Quick check of 4 term polynomial factorised

[Taylor_1989]

Could someone quickly go over my working, as I am not 100% sure I have done it the right way. I will show and explain my working step by step.

$$ at^2-4a + 2t^2-8$$

I first grouped the values: $(at^2-4a) + (2t^2-8)$

I then factorised these equations into: $a(t^2-4a) + 2(t^2-4)$

I then regrouped: $(a+2) (t^2-4)$

This is the part I am not sure is right, I the thought to factor more I could change the $4$ to $2^2$ which would give $(t^2-2^2)$ which gave me the difference of two squares; right?

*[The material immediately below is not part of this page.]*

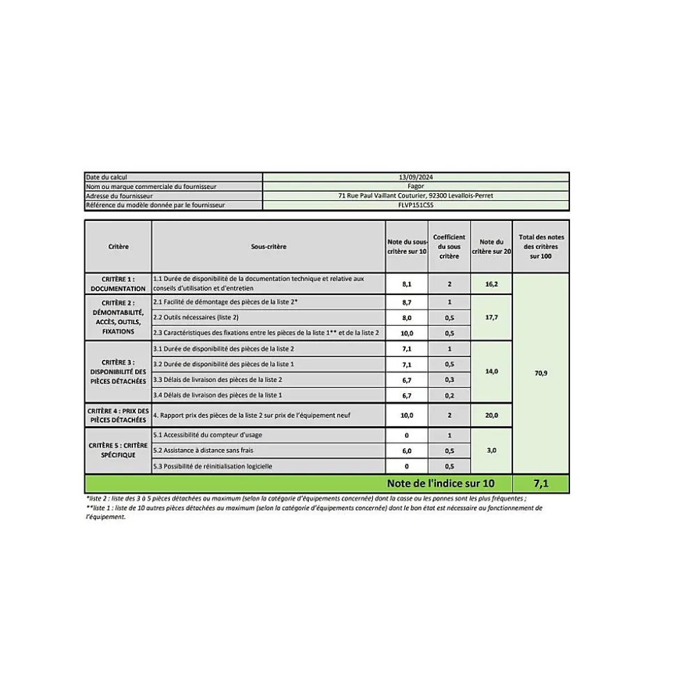 Affichage du temps restant : OuiAutre(s) équipement(s) : 3 bras d’aspersionClasse d’efficacité énergétique : CClasse d’émission de bruit acoustique dans l’air : BClasse de niveau sonore : BClasse énergétique : CConso. d’eau annuelle (L/an) : N/CConso. d’eau par cycle en programme éco (L) : 11Conso. d’énergie par cycle en programme éco (kWh) : 0.757Conso. d’énergie pour 100 cycles (kWh) : 76Conso. eau /cycle (L) : 11Conso. énergie /100 cycles (kWh) : 76Construction : Pose libreCouleur : InoxDémarrage différé (W) : 1.00Départ différé : OuiDurée du programme éco (h:min) : 4:07Ecran : OuiEmissions acoustiques dans l’air dB(A) re 1 pW : 42Grande hauteur : NonHauteur (cm) : 83.5Hauteur de panier réglable : OuiIEE : 43.9Indice de performance de lavage : 1.121Indice de performance de séchage : 1.061Indice de réparabilité (Note /10) : 7.1Largeur (cm) : 60Largeur lave-vaisselle : 60 cmLave-vaisselle connecté : NonMode arrêt (W) : 0.49Mode veille (W) : 0.60Nbre de programmes : 6Nbre températures : 5Niveau sonore (dB) : 42Nombre de couverts : 15Nombre de couverts standard : 15Ouverture automatique de la porte : OuiPoids (kg) : 44Profondeur (cm) : 60Sécurité enfant : OuiTiroir à couverts : OuiType : Lave-vaisselle 60 cmType d’affichage : Display LEDType de départ différé : 1-24 hVoyant niveau de sel : OuiVoyant niveau liquide de rinçage : Oui

I then got the final answer of: $(a+2)(t-2)(t+2)$.

I would just like to know if this is the right way of doing a equation like this, if not could someone show where I have gone wrong.

 

[Diffy]

Looks good to me. You can always multiply out your final answer and see if it comes out to your original equation.

 

[Mark44]

Could someone quickly go over my working, as I am not 100% sure I have done it the right way. I will show and explain my working step by step.

$$ at^2-4a + 2t^2-8$$

I first grouped the values: $(at^2-4a) + (2t^2-8)$

I then factorised these equations into: $a(t^2-4a) + 2(t^2-4)$

You have an error (maybe a typo) above. The first term should be a(t² - 4).

I then regrouped: $(a+2) (t^2-4)$

This is the part I am not sure is right, I the thought to factor more I could change the $4$ to $2^2$ which would give $(t^2-2^2)$ which gave me the difference of two squares; right?

I then got the final answer of: $(a+2)(t-2)(t+2)$.

I would just like to know if this is the right way of doing a equation like this, if not could someone show where I have gone wrong.

 

[Taylor_1989]

Yeah it was a typo, my bad.

 

[CellCoree]

I would suggest double-checking your work and making sure you fully understand the concept of factoring polynomials before relying on someone else's verification. However, based on your explanation, your approach seems correct. You correctly grouped the terms and factored out the common factors. Your next step of changing 4 to 2^2 is also a valid method for factoring the difference of squares. Your final answer of (a+2)(t-2)(t+2) also looks correct.